Inspiration came from various sources of interest: Romanticism, VR, storytelling techniques, neuroscience and 3D visual effects. Also, each of the references listed in this research played its influence. In addition, the bodies of works below influenced the course of this project. Wu Kingdom Helv Relic Museum exhibitions are a combination of immersive storytelling and rich colour palettes and lighting.

The visual style of a French director Alain Escalle (especially his work FANTÔME D’AMOUR) had its influence in introducing dream-like elements of abstraction.

The work True Detective by Patrick Clair really helped to come up with a visual style.

Multiple award winner Le Livre Des Morts (The Book of the Dead) by Alain Escalle is an example of a combination of emotion, storytelling, collective experiences and a extraordinarily implemented digital film with mesmerizing colour palette and visual effects.



“I have explored the seas of the Old World and the New, and trodden
the soil of the four quarters of the globe.

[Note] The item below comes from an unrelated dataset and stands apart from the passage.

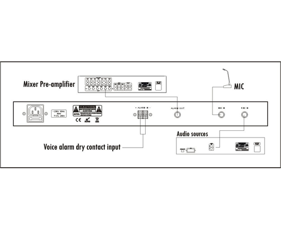 - 2 режима аварийной сигнализации: немедленное прекращение подачи сигнала тревоги при отмене триггера короткого замыкания; после отмены триггера короткого замыкания сигнализации звуковой сигнал будет воспроизводиться циклически (вам необходимо вручную нажать кнопку остановки, чтобы отменить сигнал тревоги)

After sleeping in the cabins
of Iroquois and the tents of Arabs, in the wigwams of Hurons and the
remains of Athens, Jerusalem, Memphis, Carthage, and Granada, in
the homes of Greeks, Turks, and Moors and among forests and ruins;
after wearing the bearskin cloak of the savage and the silk caftan of
the Mameluk, and after enduring poverty, hunger, thirst, and exile, I
have taken my place, as a minister and ambassador, trimmed with gold
lace and plastered with ribbons and decorations, at the table of kings,
at the festivities of princes and princesses, only to fall once more into
indigence and to taste prison life.
I have had dealings with hundreds of notabilities in the armed services,
the Church, politics, the judiciary, the sciences, and the arts. I possess
enormous quantities of material, over four thousand private letters… I
have made history and had the opportunity to write it… And my solitary
life, of a dreamer and poet, traversed this world of realities,
catastrophes, tumult, noise, with the sons of my dreams, Chactas, René,
Eudore, Aben-Hamet: with the daughters of my imaginings, Atala,
Amélie, Blanca, Velléda, Cymodocée.”
(Chateaubriand, 1809–1841, p. 1303)


Virtual reality is a state where the mind experiences a non-physical alternate reality. This state has been achieved infinite amounts of times. “The virtual reality of the computer is fundamentally no different from the virtual reality of writing, reading, drawing or even thinking: the virtual is the space of emergence of the new, the unthought, the unrealized…” (Grosz, cited in Otto 2009). Virtual reality enables us to travel between parallel worlds and switch our identities. It adds layers of meaning to our lives and enlarges our territory territory beyond the physical. These are all romantic characteristics.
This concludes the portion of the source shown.